:: Information

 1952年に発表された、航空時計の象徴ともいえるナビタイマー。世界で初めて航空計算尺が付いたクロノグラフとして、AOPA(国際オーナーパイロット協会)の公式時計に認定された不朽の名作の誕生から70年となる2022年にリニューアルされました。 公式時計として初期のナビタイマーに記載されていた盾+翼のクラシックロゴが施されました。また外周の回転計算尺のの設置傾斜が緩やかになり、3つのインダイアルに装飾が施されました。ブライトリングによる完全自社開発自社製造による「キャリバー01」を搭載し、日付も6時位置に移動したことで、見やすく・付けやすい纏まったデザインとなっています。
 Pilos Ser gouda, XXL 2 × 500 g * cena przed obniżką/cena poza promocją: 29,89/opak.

::::
:: Information

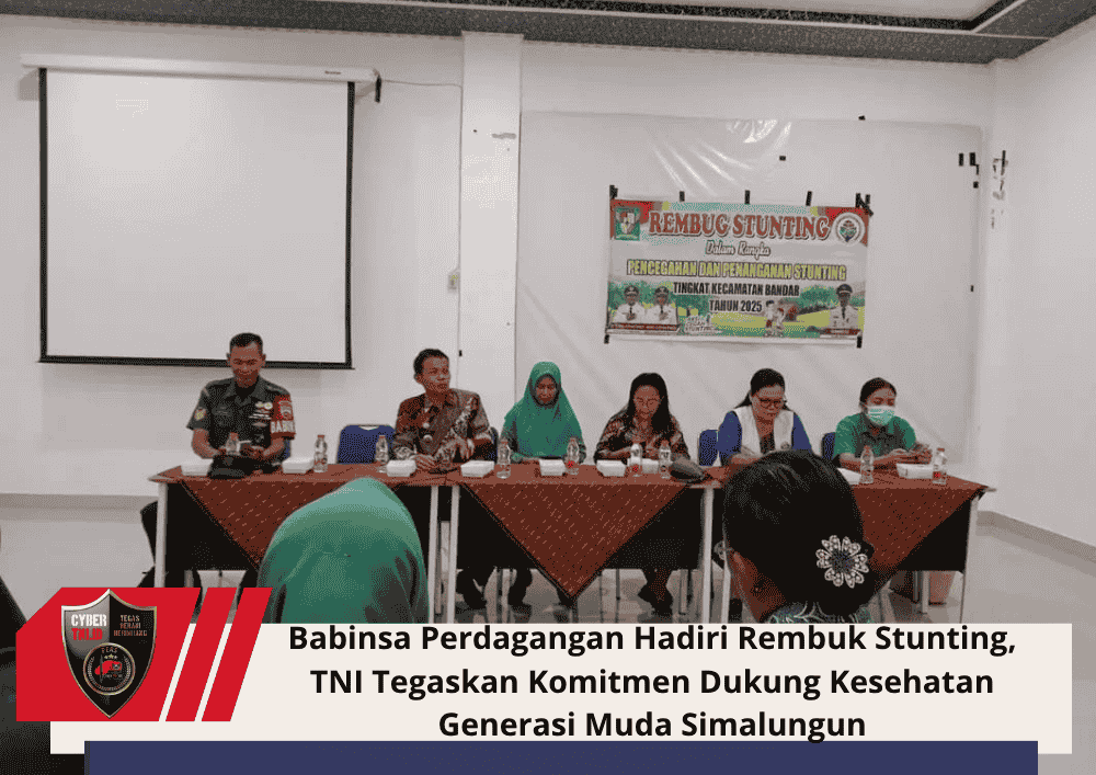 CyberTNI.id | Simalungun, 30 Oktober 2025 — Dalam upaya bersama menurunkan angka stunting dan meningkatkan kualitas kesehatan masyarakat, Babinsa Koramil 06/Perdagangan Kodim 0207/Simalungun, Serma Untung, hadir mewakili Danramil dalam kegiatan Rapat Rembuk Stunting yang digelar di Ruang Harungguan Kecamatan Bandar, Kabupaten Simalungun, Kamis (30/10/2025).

::::
:: Information

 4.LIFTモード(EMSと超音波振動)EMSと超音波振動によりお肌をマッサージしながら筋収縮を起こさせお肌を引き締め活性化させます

::::

[Exercise goal]
All lines above from the one with "1952年に発表された、航空" to the one with "Pilos Ser gouda, XXL", inclusive, should be copied exactly, and no other lines.

[Reply to the task]
 1952年に発表された、航空時計の象徴ともいえるナビタイマー。世界で初めて航空計算尺が付いたクロノグラフとして、AOPA(国際オーナーパイロット協会)の公式時計に認定された不朽の名作の誕生から70年となる2022年にリニューアルされました。 公式時計として初期のナビタイマーに記載されていた盾+翼のクラシックロゴが施されました。また外周の回転計算尺のの設置傾斜が緩やかになり、3つのインダイアルに装飾が施されました。ブライトリングによる完全自社開発自社製造による「キャリバー01」を搭載し、日付も6時位置に移動したことで、見やすく・付けやすい纏まったデザインとなっています。
 Pilos Ser gouda, XXL 2 × 500 g * cena przed obniżką/cena poza promocją: 29,89/opak.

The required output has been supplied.